- _Data shown_:
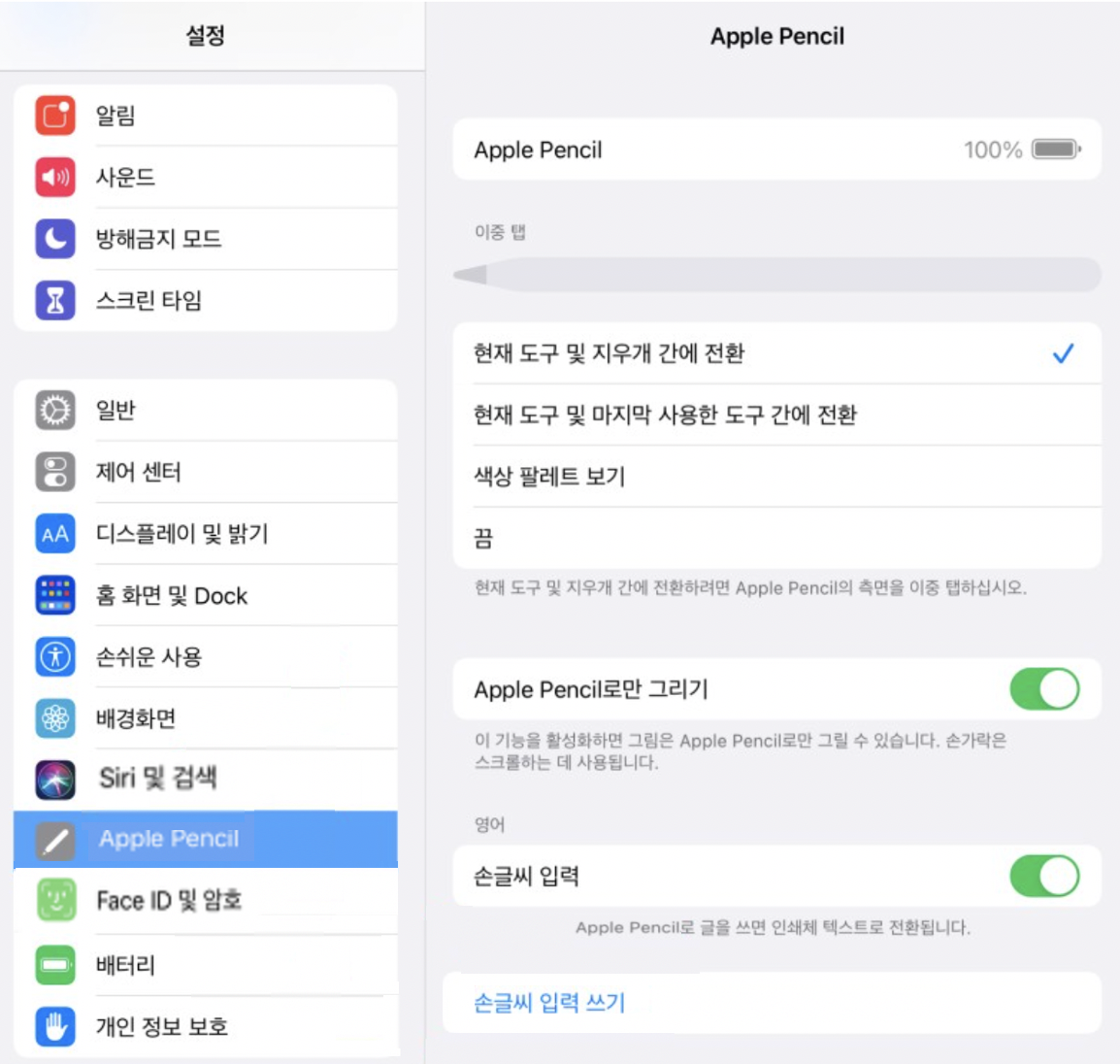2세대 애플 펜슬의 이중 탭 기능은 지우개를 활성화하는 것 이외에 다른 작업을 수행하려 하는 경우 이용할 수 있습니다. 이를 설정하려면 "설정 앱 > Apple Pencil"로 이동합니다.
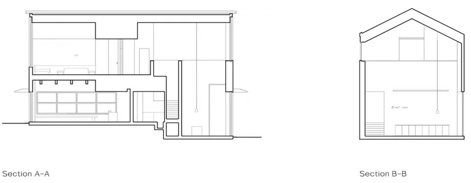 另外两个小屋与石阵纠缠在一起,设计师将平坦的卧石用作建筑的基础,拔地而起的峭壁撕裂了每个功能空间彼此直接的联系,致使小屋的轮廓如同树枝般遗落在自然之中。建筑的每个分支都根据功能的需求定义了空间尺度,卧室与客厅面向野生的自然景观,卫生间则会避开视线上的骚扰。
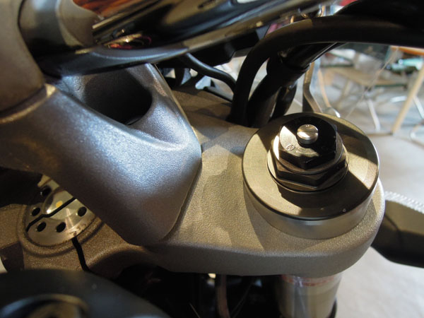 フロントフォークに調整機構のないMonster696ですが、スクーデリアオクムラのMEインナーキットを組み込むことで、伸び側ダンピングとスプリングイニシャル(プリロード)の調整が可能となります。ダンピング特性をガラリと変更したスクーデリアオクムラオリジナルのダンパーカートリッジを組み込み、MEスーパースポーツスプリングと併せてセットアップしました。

- _Your instructions_:
Word for word, return the material above; the pictures stay out.

- _Response to the task_:
2세대 애플 펜슬의 이중 탭 기능은 지우개를 활성화하는 것 이외에 다른 작업을 수행하려 하는 경우 이용할 수 있습니다. 이를 설정하려면 "설정 앱 > Apple Pencil"로 이동합니다.
 另外两个小屋与石阵纠缠在一起,设计师将平坦的卧石用作建筑的基础,拔地而起的峭壁撕裂了每个功能空间彼此直接的联系,致使小屋的轮廓如同树枝般遗落在自然之中。建筑的每个分支都根据功能的需求定义了空间尺度,卧室与客厅面向野生的自然景观,卫生间则会避开视线上的骚扰。
 フロントフォークに調整機構のないMonster696ですが、スクーデリアオクムラのMEインナーキットを組み込むことで、伸び側ダンピングとスプリングイニシャル(プリロード)の調整が可能となります。ダンピング特性をガラリと変更したスクーデリアオクムラオリジナルのダンパーカートリッジを組み込み、MEスーパースポーツスプリングと併せてセットアップしました。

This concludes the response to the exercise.